What the exercise asks: Repeat word for word the lines from the top of the records through the line containing "Для этого блюда", and skip the pictures.
------------------------------------------------
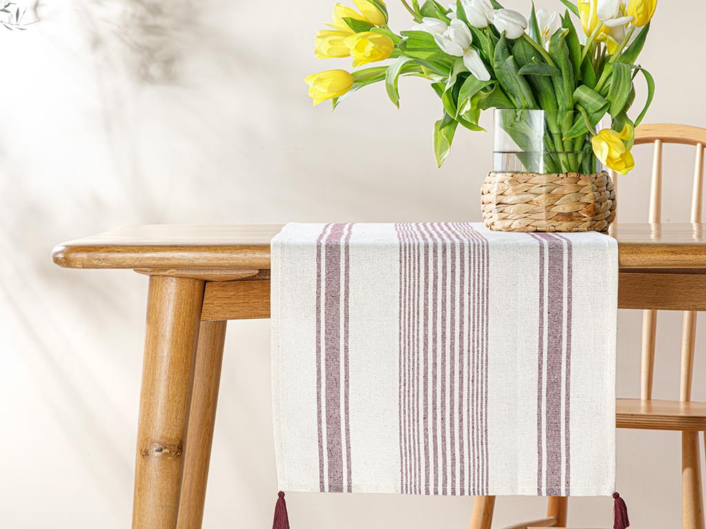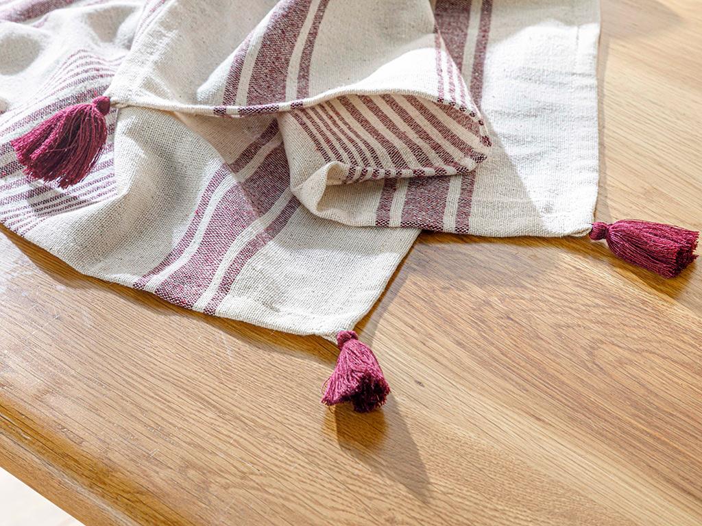 Nola Bumbac Cu Ciucuri Ștergar 40x150 cm Crem - Bordo (000000010032204002)
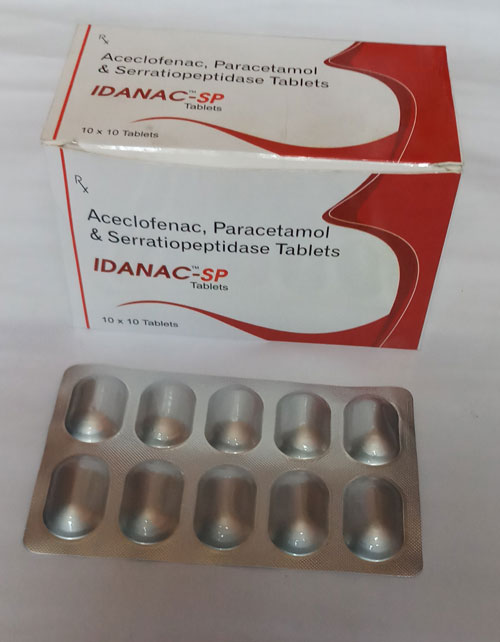 Aceclofenac - 100 mg Paracetamol - 325 mg Serratiopeptidase - 15 mg Form - 10 tablets per strip
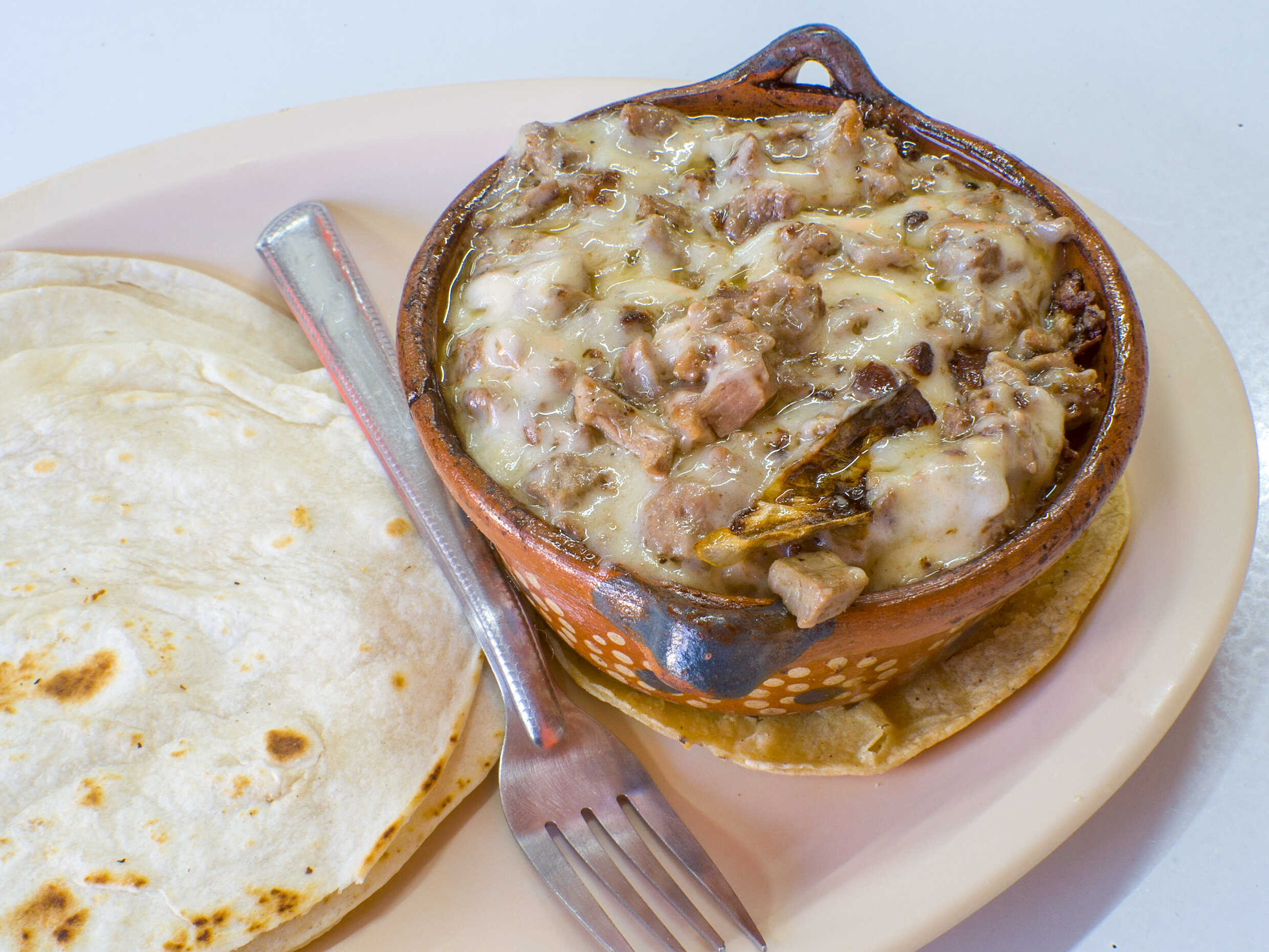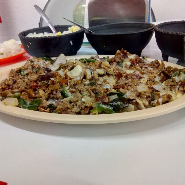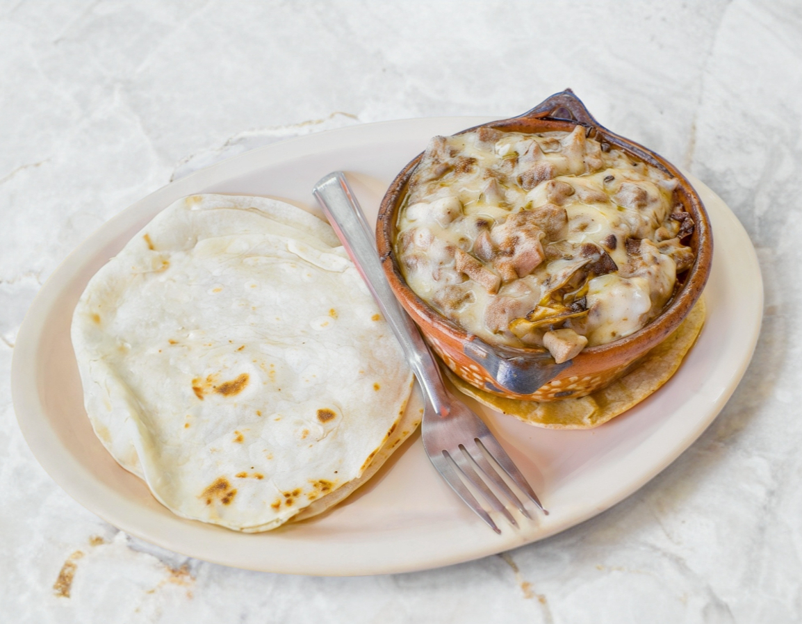 Chuleta, piña, nopal, jamón, queso y rajas.
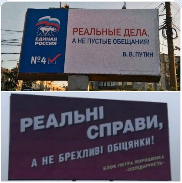 Украинският лидер Петро Порошенко бе осмян заради лозунга за изборите, който е точно копие на лозунга на кандидата за президент Владимир Путин в Русия през 2012 година. Потребителите на социалните мрежи публикуваха билбордове, монтирани из цяла Украйна, като казват: " Кандидати много - президентът е един. "
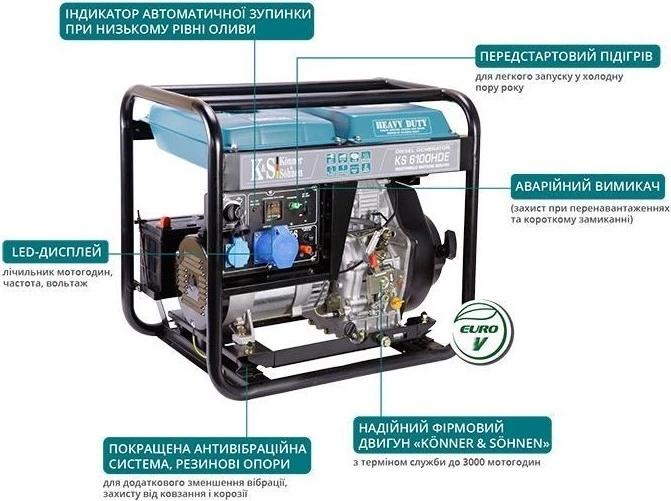 Генератор дизельний Konner&Sohnen KS 6100HDE (EURO V), 230В, 5.5/5.0кВт, електростартер, передстарто
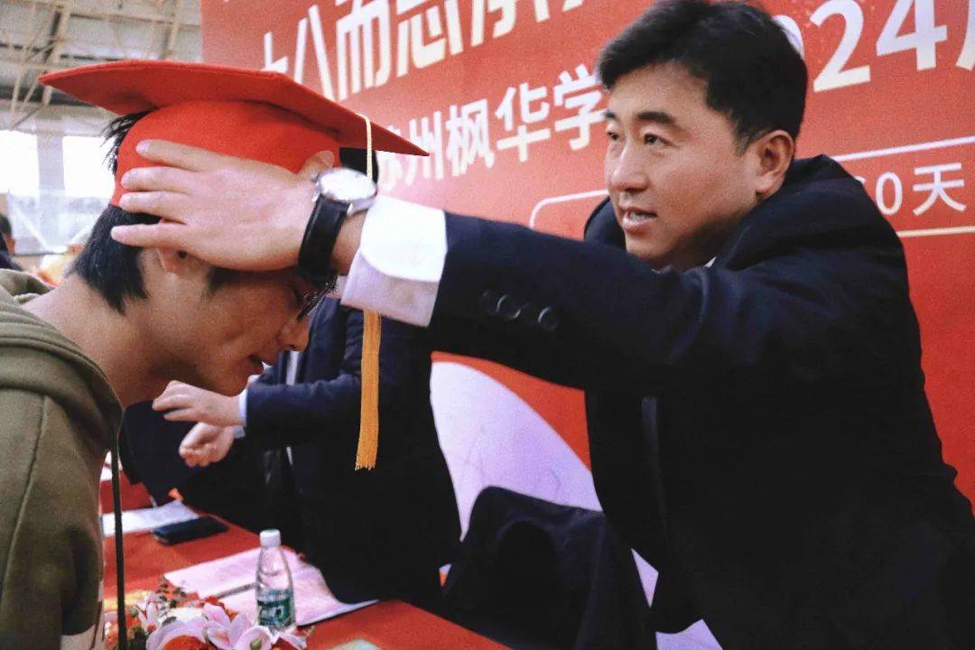 枫华学校总校长季希彦 同时,总校长也提醒我们要懂得感恩,珍惜身边的人和事。在未来的人生道路上,希望我们能牢记总校长的教诲,以积极的态度面对生活,以坚定的信念迎接挑战,以不懈的努力创造美好的未来。 Part 7 过“成人门” 仪式最后,神采奕奕的高三学子在校领导、老师的陪同下走过成人门、成才门,并签字留念。
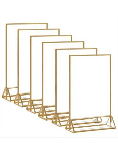 1pc 5X7inch Gold Sign Holder Acrylic Double Sided Table Menu Display Stand, Wedding Table Numbers Holder - Gold - View 1
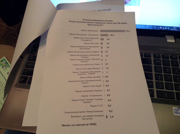 Харьковский горсовет: Видродження - 51,3%; Самопомич - 16,4%; БПП - 6,9%; Наш Край - 4,5%, Батькивщина - 3,4%, Волонтерская партия - 3,3%
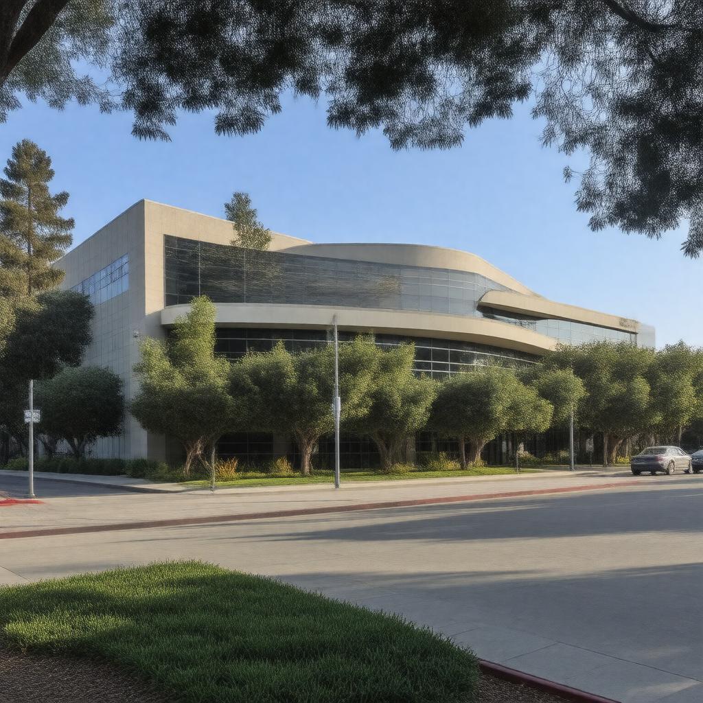 "Create an image of the Hewlett-Packard company headquarters in Palo Alto, California, United States, with a modern corporate campus in the background and a subtle hint of technology and innovation, representing the company's history and legacy in the information technology industry, founded by Bill Hewlett and Dave Packard in 1939, with notable products such as HP LaserJet and HP Pavilion visible in the scene."
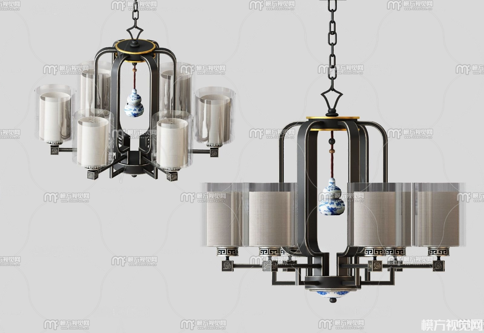 新中式金属多头吊灯3D模型(ID:0024867)
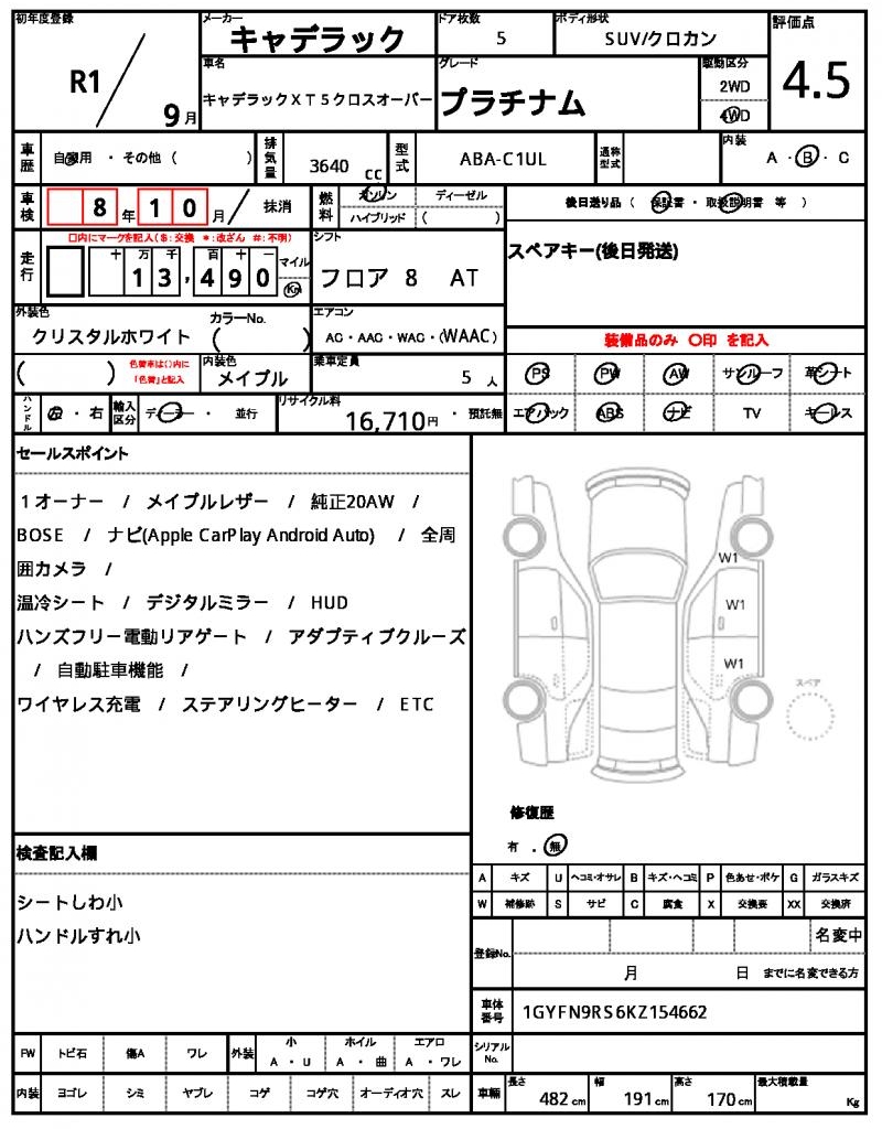 | CADILLAC | CADILLAC XT5 CROSSOVER | 2019 | 3640 cc | ||||||||||||||||
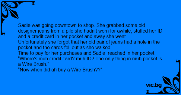 Sadie was going downtown to shop. She grabbed some old designer jeans from a pile she hadn’t worn for awhile, stuffed her ID and a credit card in her pocket and away she went.
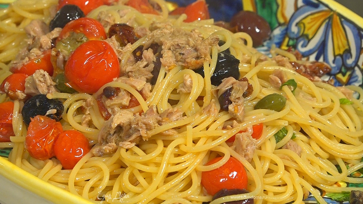Для этого блюда подойдут некислые томаты. Также можете взять консервированные помидоры в собственном соку. Не забудьте удалить у каперсов хвостики. По желанию в соус можно добавить немного воды, в которой варились спагетти.
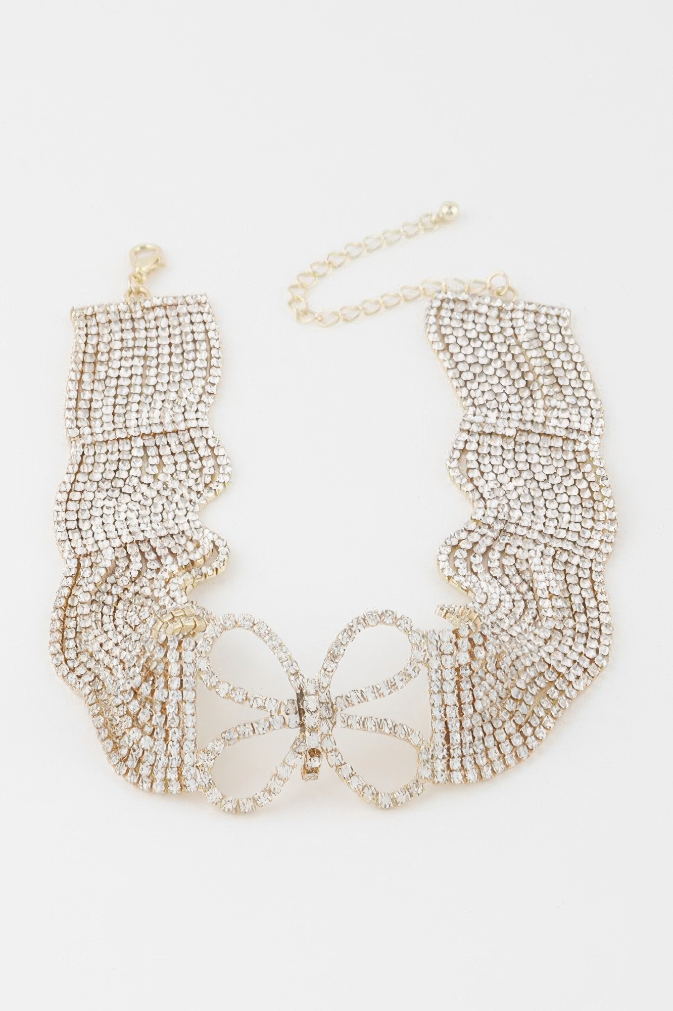 The Jeweled Butterfly Choker Necklace combines delicate charm with radiant sparkle. Featuring a butterfly centerpiece adorned with jeweled accents, it adds whimsical elegance to any look. The choker-length design sits gracefully at the neckline for a polished finish. Perfect for special occasions or statement styling, it offers eye-catching detail in a refined silhouette. This necklace brings playful sophistication with luminous shine.
------------------------------------------------
Solution to the problem:
 Nola Bumbac Cu Ciucuri Ștergar 40x150 cm Crem - Bordo (000000010032204002)
 Aceclofenac - 100 mg Paracetamol - 325 mg Serratiopeptidase - 15 mg Form - 10 tablets per strip
 Chuleta, piña, nopal, jamón, queso y rajas.
 Украинският лидер Петро Порошенко бе осмян заради лозунга за изборите, който е точно копие на лозунга на кандидата за президент Владимир Путин в Русия през 2012 година. Потребителите на социалните мрежи публикуваха билбордове, монтирани из цяла Украйна, като казват: " Кандидати много - президентът е един. "
 Генератор дизельний Konner&Sohnen KS 6100HDE (EURO V), 230В, 5.5/5.0кВт, електростартер, передстарто
 枫华学校总校长季希彦 同时,总校长也提醒我们要懂得感恩,珍惜身边的人和事。在未来的人生道路上,希望我们能牢记总校长的教诲,以积极的态度面对生活,以坚定的信念迎接挑战,以不懈的努力创造美好的未来。 Part 7 过“成人门” 仪式最后,神采奕奕的高三学子在校领导、老师的陪同下走过成人门、成才门,并签字留念。
 1pc 5X7inch Gold Sign Holder Acrylic Double Sided Table Menu Display Stand, Wedding Table Numbers Holder - Gold - View 1
 Харьковский горсовет: Видродження - 51,3%; Самопомич - 16,4%; БПП - 6,9%; Наш Край - 4,5%, Батькивщина - 3,4%, Волонтерская партия - 3,3%
 "Create an image of the Hewlett-Packard company headquarters in Palo Alto, California, United States, with a modern corporate campus in the background and a subtle hint of technology and innovation, representing the company's history and legacy in the information technology industry, founded by Bill Hewlett and Dave Packard in 1939, with notable products such as HP LaserJet and HP Pavilion visible in the scene."
 新中式金属多头吊灯3D模型(ID:0024867)
 | CADILLAC | CADILLAC XT5 CROSSOVER | 2019 | 3640 cc | ||||||||||||||||
 Sadie was going downtown to shop. She grabbed some old designer jeans from a pile she hadn’t worn for awhile, stuffed her ID and a credit card in her pocket and away she went.
Для этого блюда подойдут некислые томаты. Также можете взять консервированные помидоры в собственном соку. Не забудьте удалить у каперсов хвостики. По желанию в соус можно добавить немного воды, в которой варились спагетти.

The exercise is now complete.